In an interview with Bill Moyers back in the late 80s, McFague said something along the lines of, or perhaps even exactly—religious language is “ordinary language which we use in extraordinary ways.” Even my dear-little-dumb-dumb self knew that this was not quite right. Or, that it was half-correct. My instinct was—and is now, but with an enormous dose of humility mixed in—to suggest that religious language is ordinary language that uses us in extraordinary ways. But to darling dummy me, with the arrogance particular to youth, McFague was obviously and simply wrongedy-wrong. Off with her head!

Also. As an undergraduate, I had read In Parables: The Challenge of the Historical Jesus in a class with Marcus Borg. Sometimes we minimally, partially understand a text, but are nonetheless captivated, used, shaped. The line I remember from Crossan—and “remember” is too flaccid a word—the line that moved me, shifted my world, was this: “We live in story like fish in the sea.”

(You might be cringing, knowing where I’m going with this.)

What did I know about Sallie McFague? Or John Dominc Crossan? Aside from their respective genders? Fuck all. That’s what I knew.

So when I read Gebara, “I agree with Sallie McFague….” That’s when I realized. 

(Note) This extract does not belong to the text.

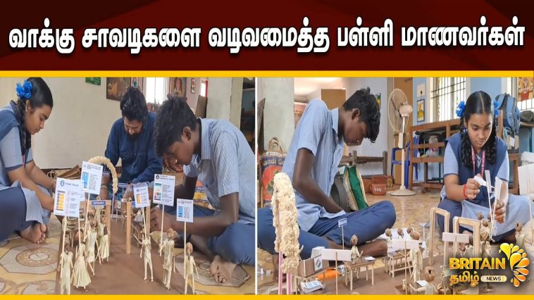 தேங்காய் குரும்பு, சோலை இலை, மூங்கில், பாக்கு தட்டுகளைக் கொண்டு மாதிரி வாக்கு சாவடிகளை வடிவமைத்த பள்ளி மாணவர்கள்…
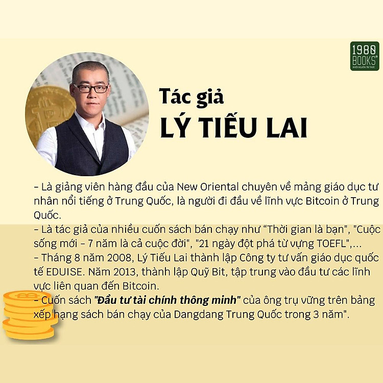 Lý Tiếu Lai, tác giả của cuốn sách, là giảng viên hàng đầu của New Oriental và là một trong những người đi đầu trong lĩnh vực Bitcoin tại Trung Quốc. Ông đã viết nhiều cuốn sách bán chạy và hiện tại có 170.000 lượt theo dõi trên chuyên trang cá nhân. “Đầu tư tài chính thông minh” đã trụ vững trên bảng xếp hạng sách bán chạy của Dangdang Trung Quốc trong suốt ba năm. Nếu bạn đang tìm kiếm một hướng đi mới cho tài chính cá nhân và ước mơ về tự do tài chính, đừng ngần ngại sở hữu cuốn sách này tại Nhà Sách Vĩnh Thụy ngay hôm nay!

Word salad notwithstanding, I assume my bias against McFague had to do with an internalized idea that women are not theologians. And Mary Daly had, it seemed to me, casually ripped the Wesley community apart. At twenty-three, I’d been thoroughly trained to not make waves and to dismiss any woman who did. While at the same time I dismissed McFague for not being radical enough, because she didn’t turn it on it’s head, the reciprocal power of religious language. 

Just before I read the Gebara article this year, I had read a novel, also by a woman, and I was surprised and struck by the sexism. When I puzzled over this with my pal Gwynne, she said, “The misogyny is baked in.” 

Baked into the culture, the air we breathe. It’s the story-sea we swim in.

So. Reviewing the syllabus, what do I know about Theology, Ecumenism, and Pluralism, after ten intense weeks? Fuck all. But my own baked in biases? More than I’d like.